Add the equations to eliminate variables and solve.

Explanation:

#4x+4y+z=24#
#2x-4y+z=0#
#5x-4y-5z=12#

Choose two equations that will easily cancel out.
#4x+4y+z=24#
#2x-4y+z=0#
The y's cancel out, leaving you with #6x+2z=24#. This can be simplified to #3x+z=12#.

Choose another two equations to get another binomial.
#4x+4y+z=24#
#5x-4y-5z=12#
Again, the y's cancel out, leaving you with #9x-4z=36#.

Use substitution, making #3x+z=12# into #z=12-3x#. Plug this into #9x-4z=36# to get #9x-4(12-3x)=36#. Distribute to get the equation #9x-48+12x=36#. Combine like terms, making the equation #21x=84#. Divide both sides by #21# to get #x=4#.

You can then use this value in the equation #z=12-3x#. Plug it in to get #z=12-3(4)#, which simplifies to #z=0#.

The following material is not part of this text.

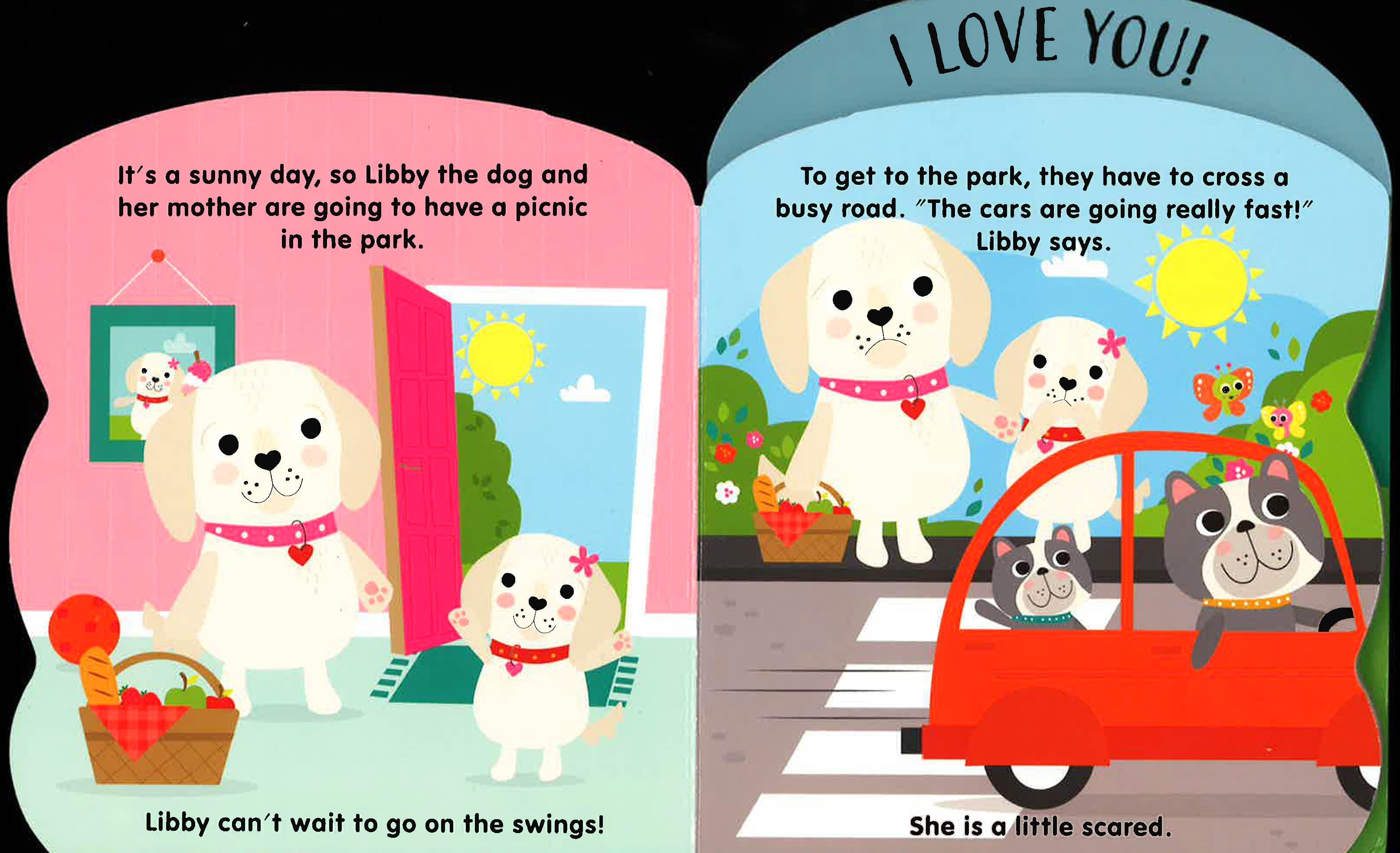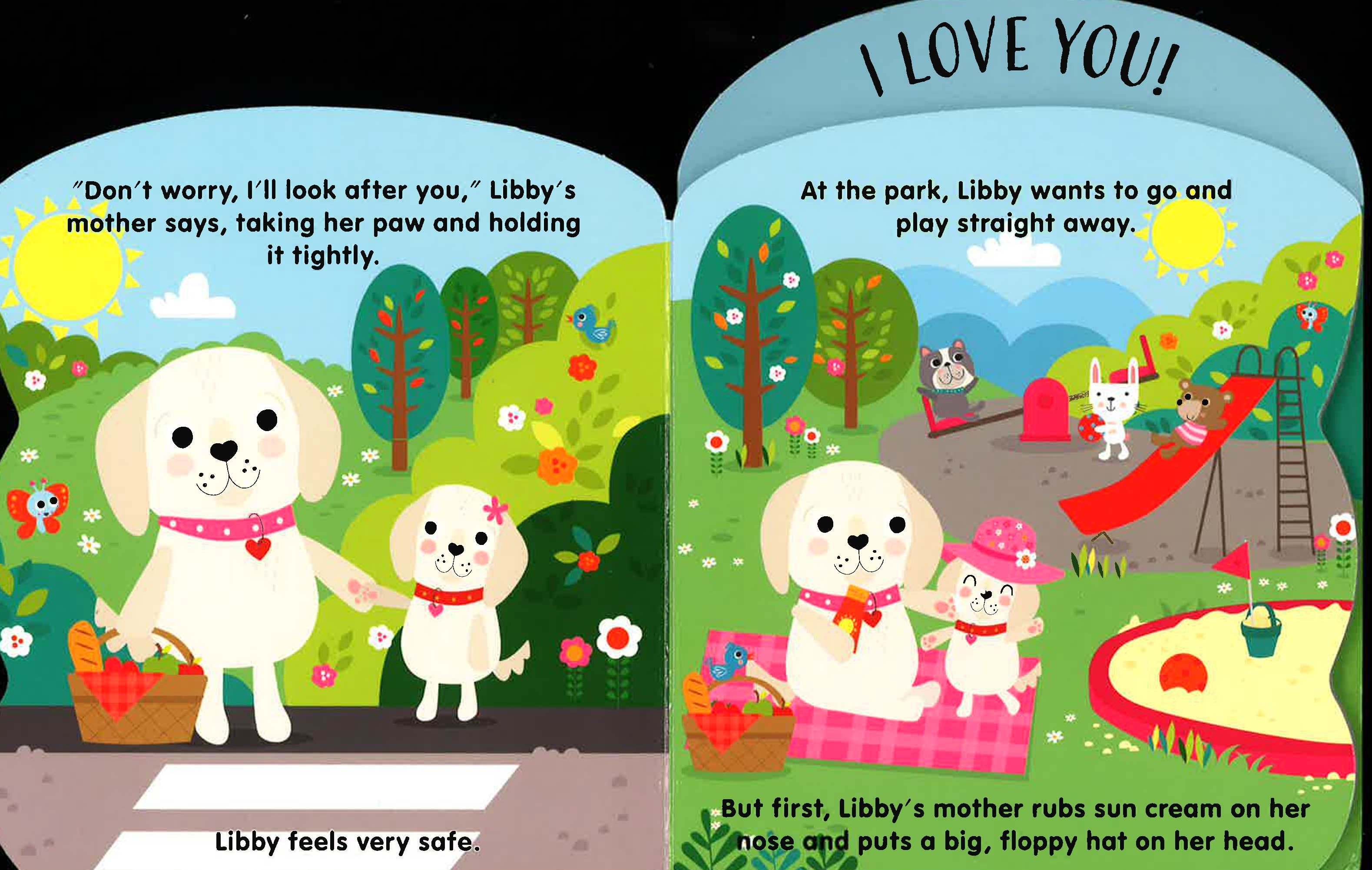 Read the tale of Libby the dog. At the park she has lots of fun and gets into a few scrapes too. Take a peek inside to see how Libby learns all about feelings of love, with her mother right by her side.

With these two values you can use any of the original equations to find the remaining value. #2(4)-4y+(0)=0#. Simplify to get #8-4y=0#. Add #4y# to both sides to get #8=4y#, and divide both sides by #4# to get #y=2#.

The final values are #x=4#, #y=2# and #z=0#.
This can be checked by plugging these values into the two remaining original equations.